= XAdES =

Digital signature extensions

XAdES (short for XML Advanced Electronic Signatures) is a set of extensions to XML-DSig recommendation making it suitable for advanced electronic signatures. W3C and ETSI maintain and update XAdES together.

==Description==
While XML-DSig is a general framework for digitally signing documents, XAdES specifies precise profiles of XML-DSig making it compliant with the European eIDAS regulation (Regulation on electronic identification and trust services for electronic transactions in the internal market). The eIDAS regulation enhances and repeals the Electronic Signatures Directive 1999/93/EC. EIDAS is legally binding in all EU member states since July 2014. An electronic signature that has been created in compliance with eIDAS has the same legal value as a handwritten signature.

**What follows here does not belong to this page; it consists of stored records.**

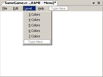 Adding a new menu is as simple as clicking on the "Type Here" at the top in the menu bar. Type in "&Level" to add the Level menu. After hitting Enter you can move the menu to the left of the Help menu by just clicking on the menu and dragging it to the left. Now let's add in the menu options. We want to allow the user to select different levels from three to seven colors. Add in the following five menu options seen below. The first one contains the text "&3 Colors" and so on.
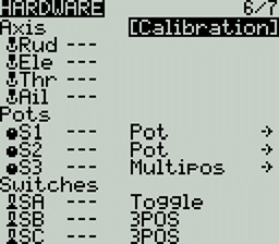 The Hardware screen is where you configure hardware specific-settings for your radio. It shows all physical hardware objects (sticks, pots, switches) and allows for their modifications. It is also where you can calibrate your sticks and pots. It also contains additional configuration options.
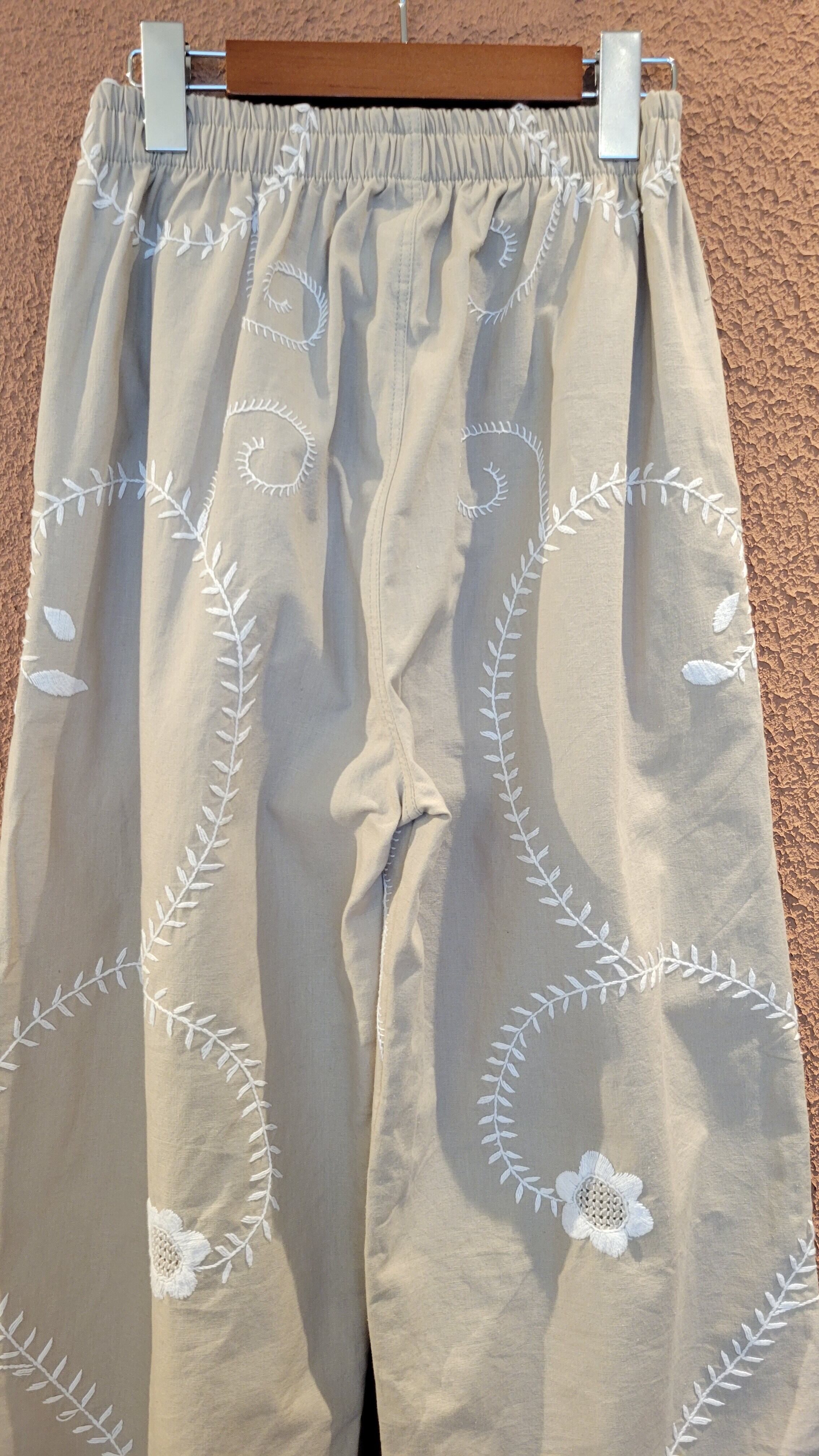 ヴィンテージの刺繍クロスを使用したリメイクイージーパンツ。素材表記はありませんがコットンのようです。やや張り感のあるコットンです。ウエストゴム、左右シームポケット付き。ストレスフリーな履き心地で日常使いにぴったりです。
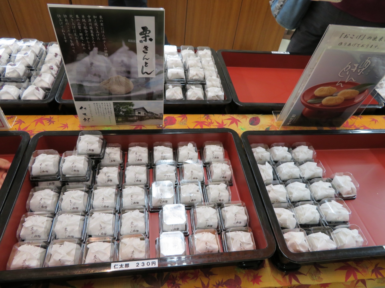 駅に近い特産館です。このあたりは栗きんとんで有名なのですが、どこのお店がいいか迷う場合におすすめです。すべてのお店のものというわけではありませんが、かなりのお店のものを取りそろえていて、1個ずつ購入することができます。ただし季節限定の可能性もあるので事前に確認したほうがよいです。
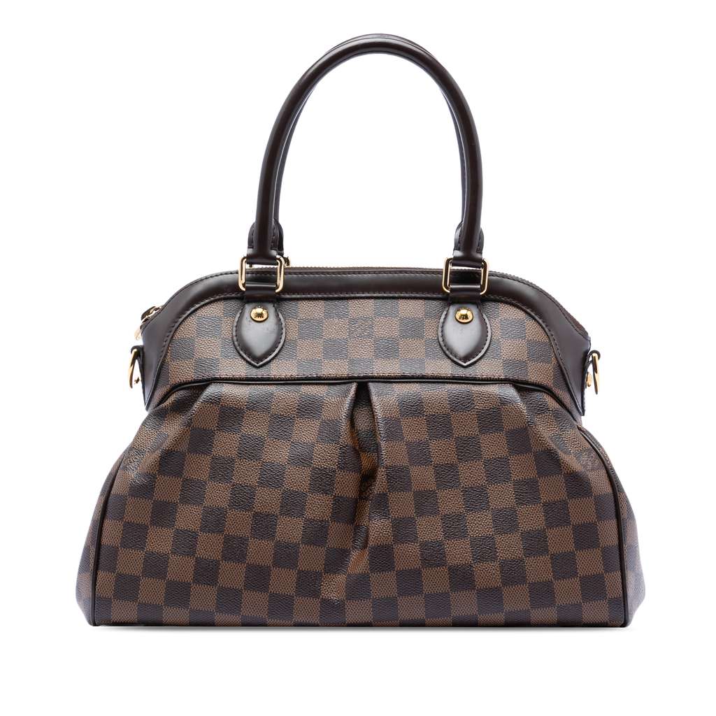 The Trevi features a damier ebene canvas body with leather trim, rolled leather handles, a top zip closure, and interior slip pockets.
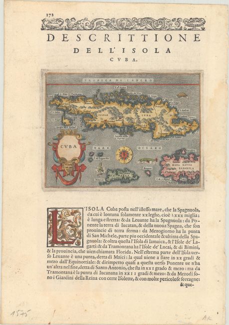 This captivating map of the island is based on the cartography of Giacomo Gastaldi. The map includes Jamaica and part of Hispaniola. The Ye de Lagartos, shown north of Jamaica, is one of the earliest references to the Cayman Islands to appear on a map. The map was graphically engraved by Girolamo Porro, with a stipple engraved sea embellished with sea monsters, a sea turtle, a compass rose, and a decorative title cartouche. It is from one of the most famous Isolarios (Island Books) produced in the 16th century. Printed on a full sheet (8 x 11.4") of Italian text with a historiated initial; title above map, Descrittione Dell' Isola Cuba.
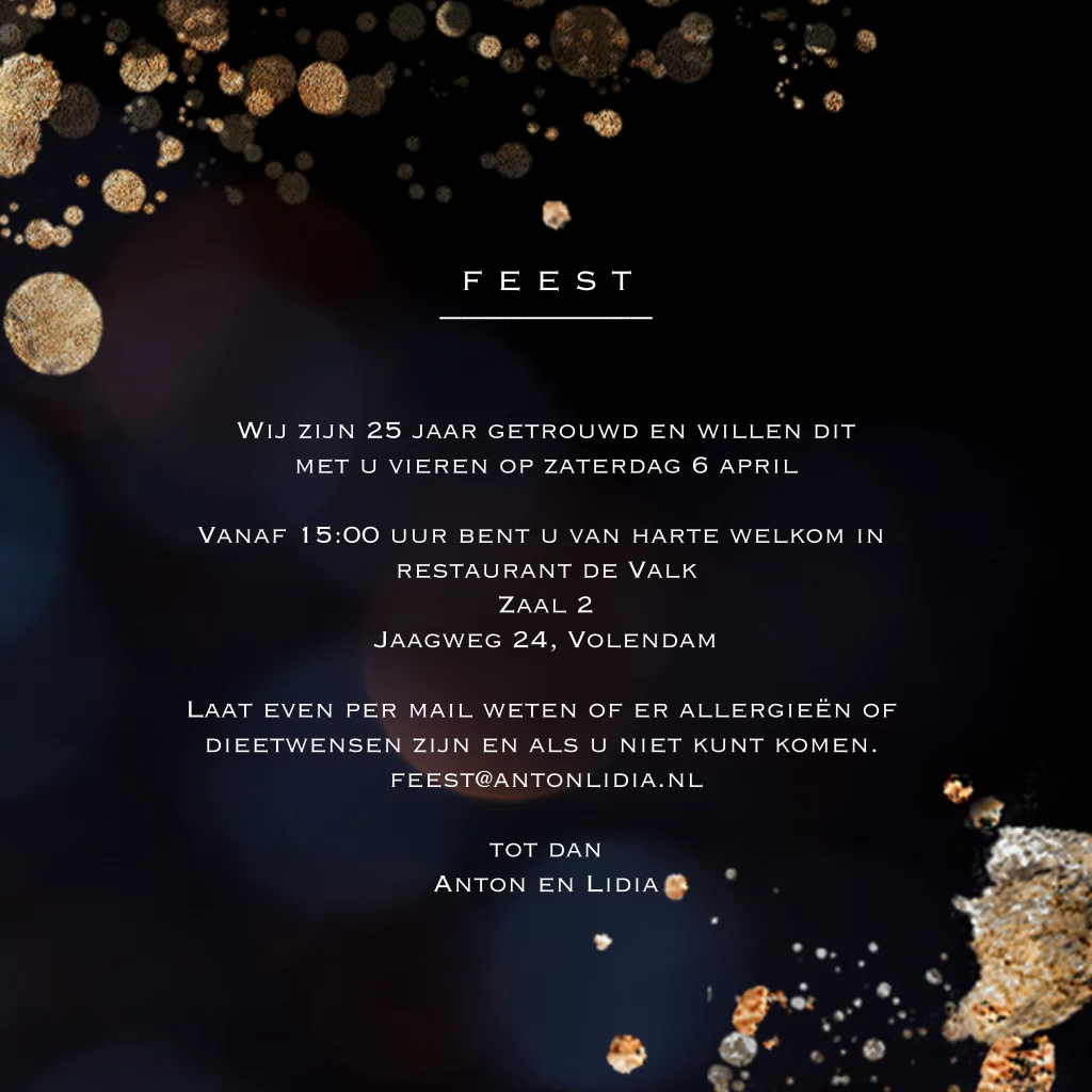 Prachtige uitnodiging voor een jubileum 25 jaar getrouwd met feestelijke blauwe ondergrond en goudlook confetti snippers.

An electronic signature, technically implemented based on XAdES has the status of an advanced electronic signature. This means that
- it is uniquely linked to the signatory;
- it is capable of identifying the signatory;
- only the signatory has control of the data used for the signature creation;
- it can be identified if data attached to the signature has been changed after signing.
A resulting property of XAdES is that electronically signed documents can remain valid for long periods, even if underlying cryptographic algorithms are broken.

However, courts are not obliged to accept XAdES-based electronic signatures as evidence in their proceedings; at least in EU, this is compulsory only for "qualified" signatures. A "qualified electronic signature" needs to be doted with a digital certificate, encrypted by a security signature creation device, and the identity of the owner of this signing-certificate must have been verified according to the "high" assurance level of the eIDAS regulation.

==Profiles==
XAdES defines four profiles (forms) differing in protection level offered.

- XAdES-B-B (Basic Electronic Signature), The lowest and simplest version just containing the SignedInfo, SignatureValue, KeyInfo and SignedProperties. This form extends the definition of an electronic signature to conform to the identified signature policy.
- XAdES-B-T (Signature with a timestamp), A timestamp regarding the time of signing is added to protect against repudiation.
- XAdES-B-LT (Signature with Long Term Data), Certificates and revocation data are embedded to allow verification in the future even if their original source is not available.
- XAdES-B-LTA (Signature with Long Term Data and Archive timestamp), By using periodical timestamping (e.g. each year) compromising is prevented which could be caused by weakening previous signatures during a long-time storage period.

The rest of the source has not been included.